*PROBLEM TO SOLVE*
Every line below from the one with "Iimp = 25 kA(10/350), typ" through the one with "Các tay súng" should be retyped exactly, both ends included; no other lines and no pictures.
(PROVIDED MATERIAL begins)
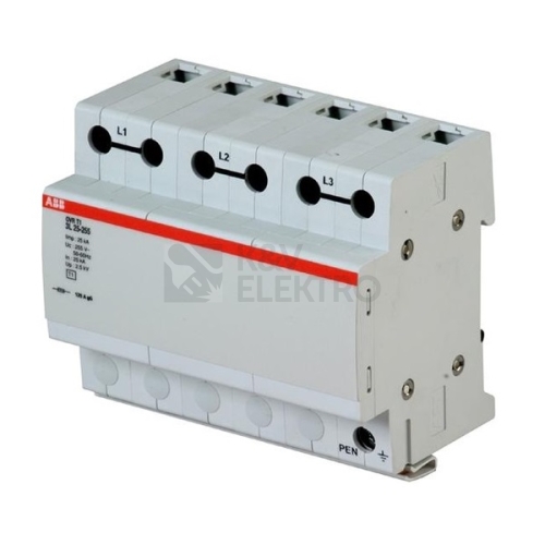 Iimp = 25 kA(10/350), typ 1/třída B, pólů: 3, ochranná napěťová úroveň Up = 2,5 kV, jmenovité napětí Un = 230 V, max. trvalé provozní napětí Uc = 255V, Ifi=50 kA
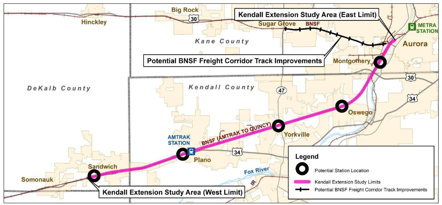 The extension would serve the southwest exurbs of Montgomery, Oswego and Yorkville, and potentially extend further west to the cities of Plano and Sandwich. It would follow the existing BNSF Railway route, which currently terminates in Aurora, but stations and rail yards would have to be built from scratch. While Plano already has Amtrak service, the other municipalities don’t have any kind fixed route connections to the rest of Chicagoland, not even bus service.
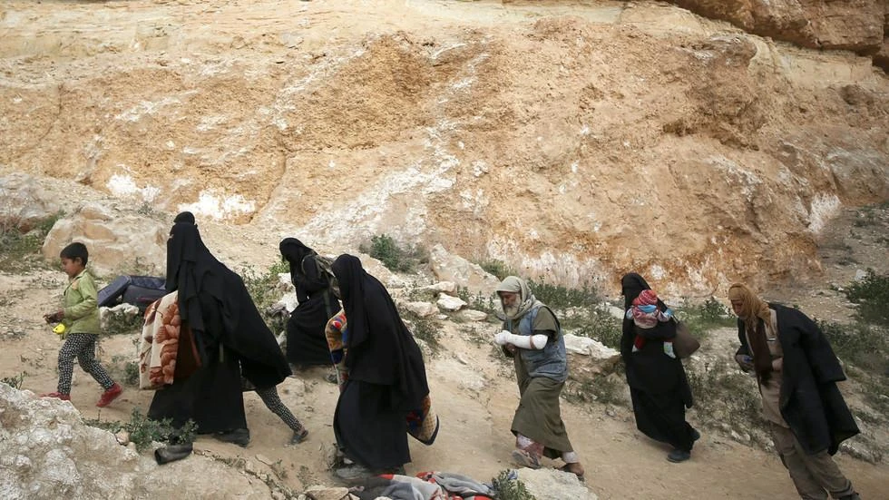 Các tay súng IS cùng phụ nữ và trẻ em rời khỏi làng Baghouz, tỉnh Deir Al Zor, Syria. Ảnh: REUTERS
(PROVIDED MATERIAL ends)
(PROVIDED MATERIAL begins)
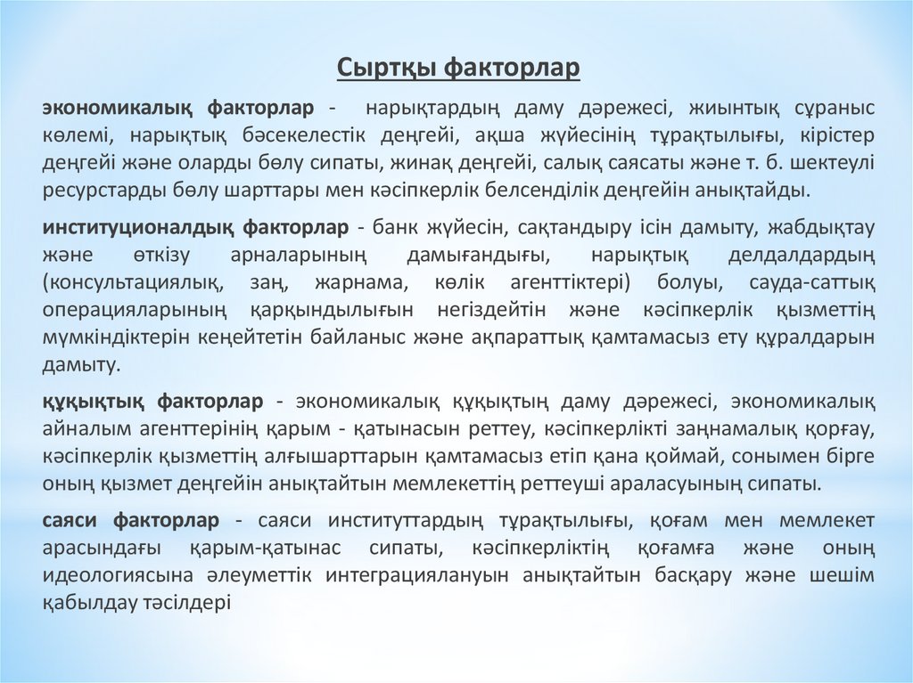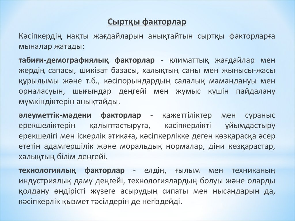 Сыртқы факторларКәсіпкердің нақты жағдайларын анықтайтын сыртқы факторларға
(PROVIDED MATERIAL ends)
*ANSWER TO THE PROBLEM*
 Iimp = 25 kA(10/350), typ 1/třída B, pólů: 3, ochranná napěťová úroveň Up = 2,5 kV, jmenovité napětí Un = 230 V, max. trvalé provozní napětí Uc = 255V, Ifi=50 kA
 The extension would serve the southwest exurbs of Montgomery, Oswego and Yorkville, and potentially extend further west to the cities of Plano and Sandwich. It would follow the existing BNSF Railway route, which currently terminates in Aurora, but stations and rail yards would have to be built from scratch. While Plano already has Amtrak service, the other municipalities don’t have any kind fixed route connections to the rest of Chicagoland, not even bus service.
 Các tay súng IS cùng phụ nữ và trẻ em rời khỏi làng Baghouz, tỉnh Deir Al Zor, Syria. Ảnh: REUTERS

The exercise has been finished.